E ancora, non è così incredibile la destituzione di un cardinale da parte del papa. Papa Francesco lo ha fatto. E saremmo tanto stupiti se scoprissimo dell’esistenza di un cardinale «in pectore» da qualche parte del mondo? Nel racconto filmico si tratta del cardinale di Kabul, monsignor Benitez (Carlos Diehz).

Cosa funziona

Insomma, gli ingredienti di base del thriller psicologico, come è stato definito, o della pope fiction (che è ormai un sottogenere classificato) non sono campati in aria rispetto alla realtà e l’intenzione del regista pare quella di aderire al possibile.
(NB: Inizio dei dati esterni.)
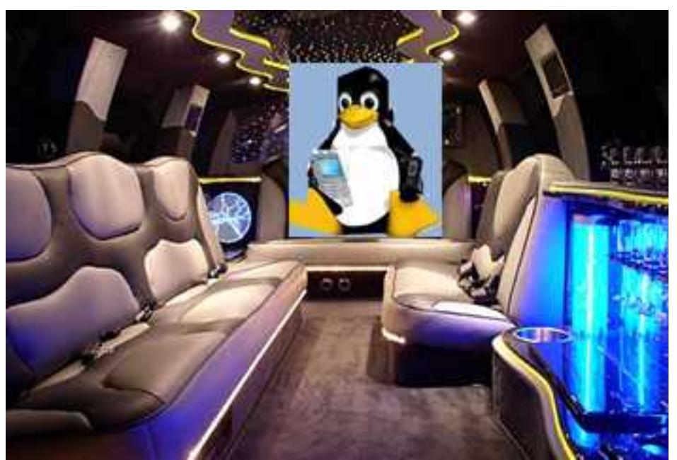
LiMo's initial Founder members—Motorola, NEC, NTT DoCoMo, Panasonic Mobile Communications, Samsung Electronics and Vodafone—have been joined by others so now there's 40+ members..

LiMo Foundation, a global consortium (let's just say you won't find Microsoft or Nokia on this list) , launched the first globally competitive Linux-based software platform for mobile handsets in March—together with public availability of the application programming interface (API) specs.
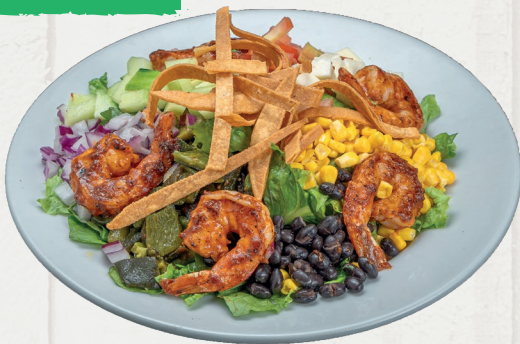
PUEBLO GRILL BOWL

Grilled chicken over a bed of romaine lettuce garnished with shredded cheese and croutons.
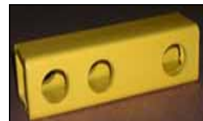
Top Link Tube AG2010
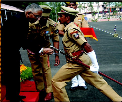
The Sword of Honour
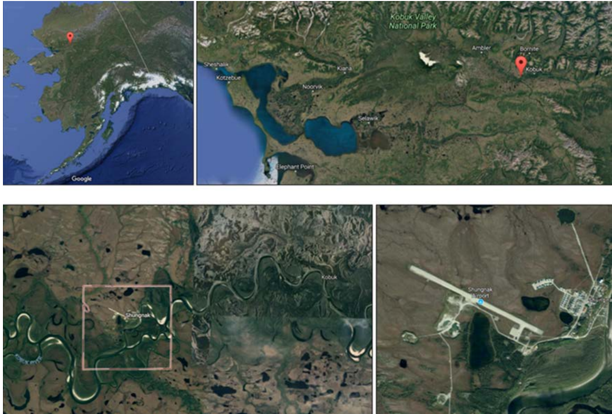
Figure 2-1: Regional map of Shungnak. Shungnak location in Alaska (upper left), location in Northwest Arctic Borough (top right), location on the Kobuk River (bottom left), and view of Shungnak Village (bottom right) Source: Google Maps

See Table 2-1 for diesel prices from FY2012-FY2016. The table also indicates the cost of electricity sold over the same period. In addition, note the high line losses shown from 2013 and 2016 at over 40%. Powerhouse consumption is about 2.8% of production.
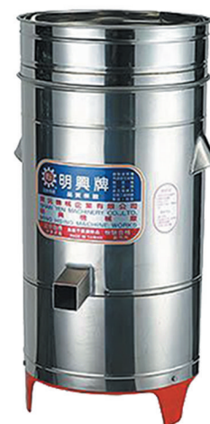
(made in Taiwan)
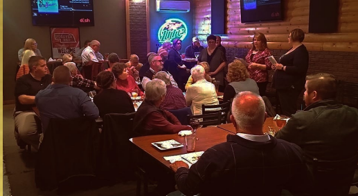
All the volunteers were given gift bags with goodies in them along with a certificate of service.
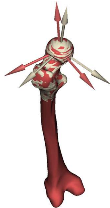
Fig. 1 Variation in femoral reference systems representing the neutral stance position. Reference system in brown colour is generated by employing anatomical landmarks in the proximal femur while the one in red colour is based on the anatomical landmarks in the estimated full femur (Color figure online)

In total, four FE models were developed for each patient to investigate the role of meshing technique and femur orientation method in determining hip fracture risk: model I :

Nessuna sparata alla Dan Brown, per intenderci, e nemmeno riferimenti scandalistici da Caso Spotlight.

Così congegnato, il thriller funziona, grazie all’atmosfera claustrofobica della Cappella Sistina e della Casa Santa Marta, al gioco di mosse e contromosse dei personaggi in campo, ai dialoghi riservati a due, a tre o a gruppi di parte, agli abili colpi di scena (almeno tre), effettivamente sorprendenti ma anche credibili, al fascino suggestivo della solennità ecclesiastica, fatta del linguaggio misterioso del formulario latino, dei tessuti preziosi e pesanti dei paramenti, dei colori saturi delle vesti, oro, nero e porpora.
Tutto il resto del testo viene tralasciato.